NEW YORK (CNN/Money) -
More U.S. households were tuned to cable television networks than broadcast networks last month during prime time, the first time cable has bested over-the-air competitors during a crucial sweeps period.
Ratings for the sweeps period, used by the networks to set ad rates, help determine how advertisers spend $30 billion a year to reach TV watchers. That's why cable and broadcast networks promote their most attractive programs during the sweeps period.
Cable has beaten broadcasters in the little-noticed July sweeps period in the past, when broadcasters air reruns or alternate programming and overall viewership is lower, and it has beaten the networks in a handful of non-sweeps periods.
But this is the first time it has topped the broadcasters in any of the closely followed February, May or November ratings periods, according to an analysis of Nielsen Media Research ratings performed by the Cabletelevision Advertising Bureau (CAB), an industry group of networks and cable operators.
The analysis was also performed by the research department of Turner Broadcasting, which owns broadcast as well as cable networks. Turner and CNN/Money are both owned by Time Warner Inc. (TWX: Research, Estimates), the world's largest media company.
A Nielsen spokesman said the service was still reviewing the data, but that it believed the totals to be accurate.

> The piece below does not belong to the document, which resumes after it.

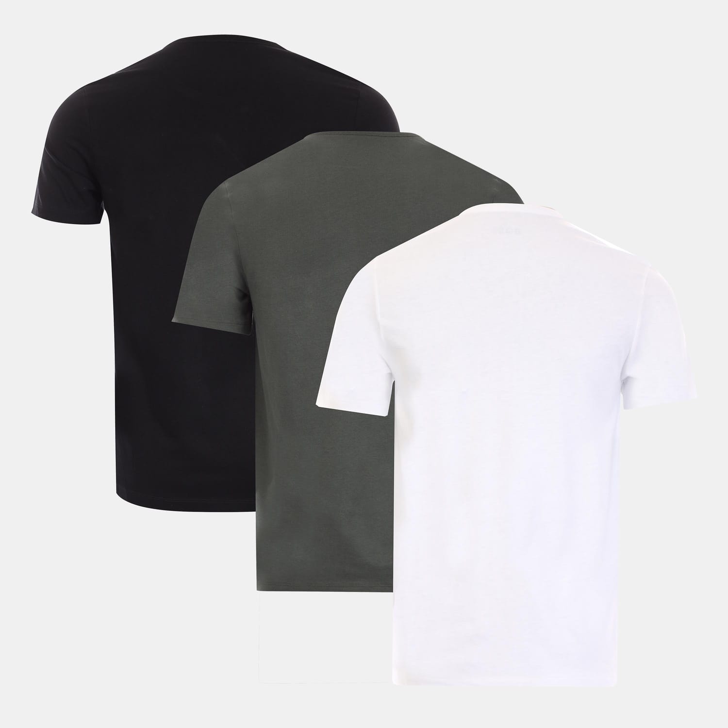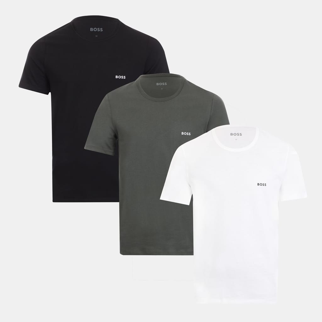 Mens BOSS Classic Three Pack of Cotton Underwear T-Shirts with Logos in white / green

The numbers from Turner's analysis show that all cable networks together reached an average of 39.1 million homes during prime time in November, while the broadcast stations reached an average 38.5 million homes. A year ago during the November sweeps, cable reached 35.9 million homes, while broadcasters reached 38.7 million.
Those numbers include cable networks that do not accept advertising, as well as public television broadcasts and scattered independent stations. They also include PAX, the distant No. 7 broadcast network.
Comparing the ad-supported cable networks to the six major broadcast networks -- CBS, NBC, ABC, Fox, WB and UPN -- the switch from broadcasters to cable during the recent sweeps is also evident, though by a more narrow margin. Even if PAX is included, the broadcast networks had less than a 50 percent share of viewership, according to the CAB.
"The fact that cable performed better during sweeps is an important sign," said Steve Raddock of the CAB. "There's more emphasis then by the broadcasters in terms of programming and promotion than any other time of the year."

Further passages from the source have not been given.